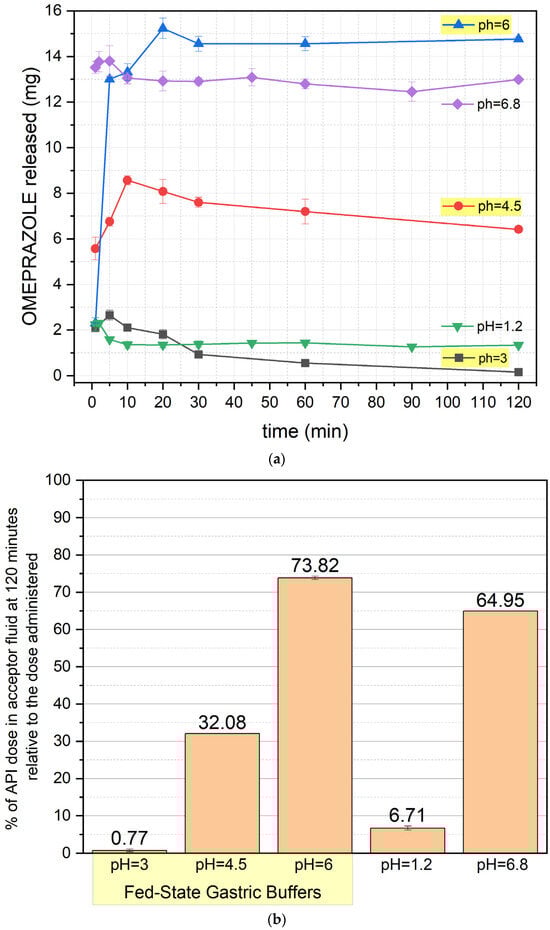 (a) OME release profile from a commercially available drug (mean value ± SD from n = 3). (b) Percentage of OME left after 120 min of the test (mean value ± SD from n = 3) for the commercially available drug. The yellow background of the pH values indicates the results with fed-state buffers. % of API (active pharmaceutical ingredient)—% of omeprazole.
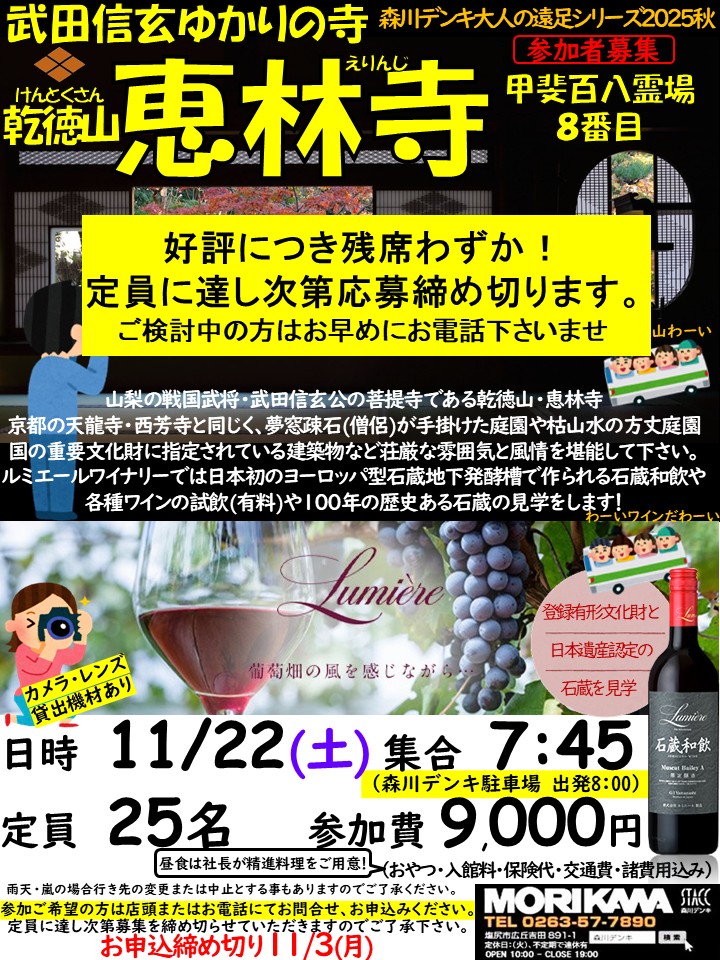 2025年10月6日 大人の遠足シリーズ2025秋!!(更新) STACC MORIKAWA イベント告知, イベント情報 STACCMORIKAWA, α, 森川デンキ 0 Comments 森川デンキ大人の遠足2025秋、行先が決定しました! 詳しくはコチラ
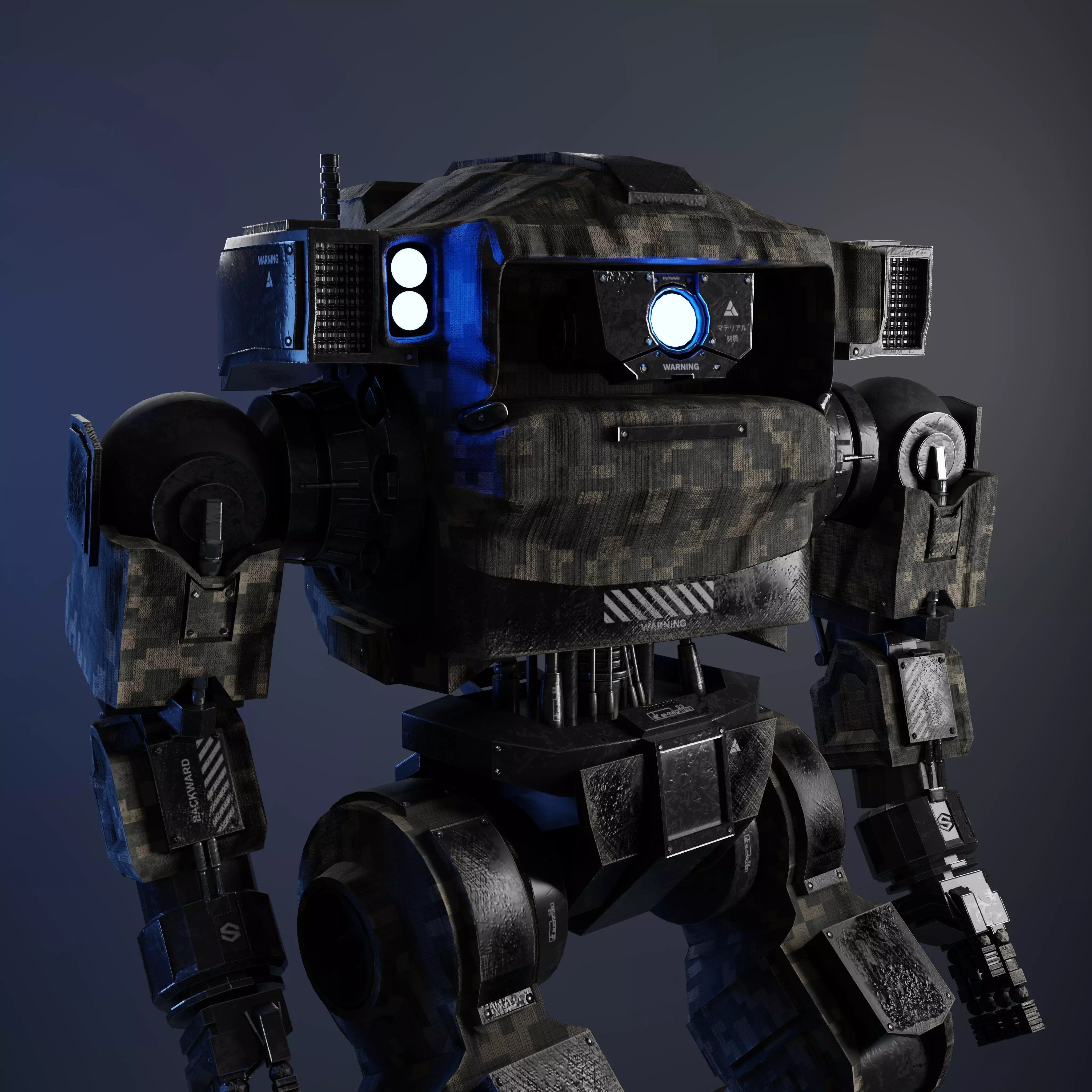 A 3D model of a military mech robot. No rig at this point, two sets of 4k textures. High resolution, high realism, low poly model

= GOAL OF THE EXERCISE =
The whole listing above, line by line, needs to be copied exactly, except for any images.

= EXERCISE OUTPUT =
 (a) OME release profile from a commercially available drug (mean value ± SD from n = 3). (b) Percentage of OME left after 120 min of the test (mean value ± SD from n = 3) for the commercially available drug. The yellow background of the pH values indicates the results with fed-state buffers. % of API (active pharmaceutical ingredient)—% of omeprazole.
 2025年10月6日 大人の遠足シリーズ2025秋!!(更新) STACC MORIKAWA イベント告知, イベント情報 STACCMORIKAWA, α, 森川デンキ 0 Comments 森川デンキ大人の遠足2025秋、行先が決定しました! 詳しくはコチラ
 A 3D model of a military mech robot. No rig at this point, two sets of 4k textures. High resolution, high realism, low poly model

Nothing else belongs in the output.